Fran – Page 2 – Flower in the Rain

School Days

Aged 10, 1976
I am embarrassed by the intimacy and open friendship that he offers. I curl up inside, withdrawing emotionally because his honesty and innocence make me uncomfortable. I want to be kind and gentle towards him but it’s easier to be guarded; I don’t want to confront this conflict of feelings. His disability frightens and confuses me. His difference makes me feel scared and uncertain. His need of me is embarrassing. And yet, I want to relate to him and care for him.

He is the first disabled child I have ever met. I am 10 years old. I decide that this situation and the complex emotions it elicits are ones I want to avoid for the rest of my life. I don’t want to have to feel things for him or about him. I don’t want to meet him again. I don’t understand him or me. And yet I remember his name: Luke

At around the same time, I’m embroiled in a similar inner conflict in a mobile classroom in my primary school. I don’t know what makes this classmate different. No one talks about it and the word ‘remedial’ is not one I really understand. He is one of us and yet set apart. I like him and feel drawn to include him in my life but I do not understand him or ‘feel’ like his friend.

Then the playing field changes. Someone starts to call him a name, ‘egg and chip face’. Not overly cruel but unkind and unnecessary. He becomes more isolated and separate as others pick up on this insult. I know he needs me to stick up for him and yet I’m frightened to go against the crowd. We’re all urged to use this nickname, but I know I don’t want to.

My stomach churns and I want to go to the safety of my home. I’m already ridiculed for my ‘puppy fat’ and confused by the different kind of attention my developing body is bringing. How can I join sides with a lad who is less able to fight off the taunts than me? To be seen as a friend and defender of this boy would surely weaken my position in the battles I encounter at school.

My decision is made. I cannot join the cruelty. I’m not as outspoken as I could have been and my defence of him is subtle; I quietly let him know that I am on his side and I choose to sit next to him in the classroom.

I stay in the role of shy protector until I never see him again. In September, I start at high school and he does not. I never know where he went or what happened to him. My adult self presumes that he went to a school more able to meet his needs, but my younger self worries that something dreadful has happened and that if I had been a better friend, I could have prevented it. I would have wanted there to be a better version of me in Joshua’s life.

Aged 16
There are jobs to be had in the local ‘home for the handicapped’. I already work in the old people’s home and enjoy the experience it gives me for a future career in nursing. It would be a logical step to gain additional experience in a different field. Two of my school friends work there and describe it as a lovely place.

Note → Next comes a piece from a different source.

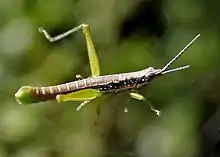 The Orthacridinae are a sub-family of grasshoppers (Orthoptera : Caelifera) in the family Pyrgomorphidae. Species are found in: Central America, Africa, Asia, Australia and certain Pacific Islands. The type genus is Orthacris and the taxon proposed by Bolívar in 1905.[1]

I know this would be a good move, but it’s at this point I realise that I will never be able to work with people with mental disabilities. As I consider this possible job, everything in me revolts against the idea. I CANNOT do that. I will never be able do that. Don’t make me do that.

I never revisited this decision. For whatever reason, when I looked at the lives of those with disabilities, I felt confused, helpless and anxious. Strong feelings. I didn’t want to go there.

In 1999 we are told that our son will never live an independent life and that the syndrome he has will mean a life of severe and profound challenge. The reality of the situation hits me. God must have chosen the wrong person; I can’t be Josh’s mother. I had never wanted to work with children like Josh. I spent years avoiding the world we were now in. I loved my son, but as soon as we joined the community of special needs the old emotions and conflicts arose. This was not a place I was comfortable with and yet I was now centre stage.

About me

Angel Man

The geneticist tested for Angelman Syndrome. Joshua had flapped his arms in a consultation and this had flagged up the possibility of this strangely name disorder.

Two months later, Josh was diagnosed. Previously known as ‘happy puppet syndrome’, few of the features of Angelman Syndrome were evident in him. Questions were raised by clinicians as to the accuracy of their testing. A retest was ordered. The result was the same.

In the absence of the internet, we were handed sheets of information and a phone number for support. It seemed that Josh’s chromosomes were more unusual than most cases and advice was woolly and vague.

I ventured to ask what this syndrome was comparable to. Would his ability be like that of a Down’s Syndrome child? I needed to know how normal a life he would live, not what he would be unable to do. On a scale of disability, Josh was down near the bottom. “However,” the kind Geneticist said, “don’t limit him by this diagnosis. Josh will do his own thing and achieve things you may never expect of him”.

We took our son home. Life shut down and the rest of the world was a stranger. The smile on his face and his happy demeanour didn’t penetrate the sadness that we felt. The fact that he was such a happy boy felt cruelly ironic. ‘At least he’s happy’ were words spoken too regularly by well meaning people. Despite his smile, our world had collapsed.

Sofas

I wait on the sofa for Joshua’s arrival. Every week I look forward to these moments; an opportunity to sit with my son in a place that he loves.

Joshua’s love of the comfortable life led to our church providing him with his own sofa. This is positioned amongst the less comfortable upright chairs. People are tempted to sit on the sofa yet everyone knows that this is Joshua’s sofa. The unwritten rule, which even visitors quickly grasp, is that you don’t sit here.

Sofas play a big part in Joshy’s life. He always prefers a sofa to a chair. The other day when we visited a potential service provider, he headed straight to the sofa. At home, when we watch TV, he presents his feet or head to me for a massage from the other end of the sofa.

A lady comes and sits on the church sofa. I explain that I’m waiting for Joshua and that he can be quite territorial. I envision her being evicted at a particularly poignant part of the service. She chooses to play it safe and moves away.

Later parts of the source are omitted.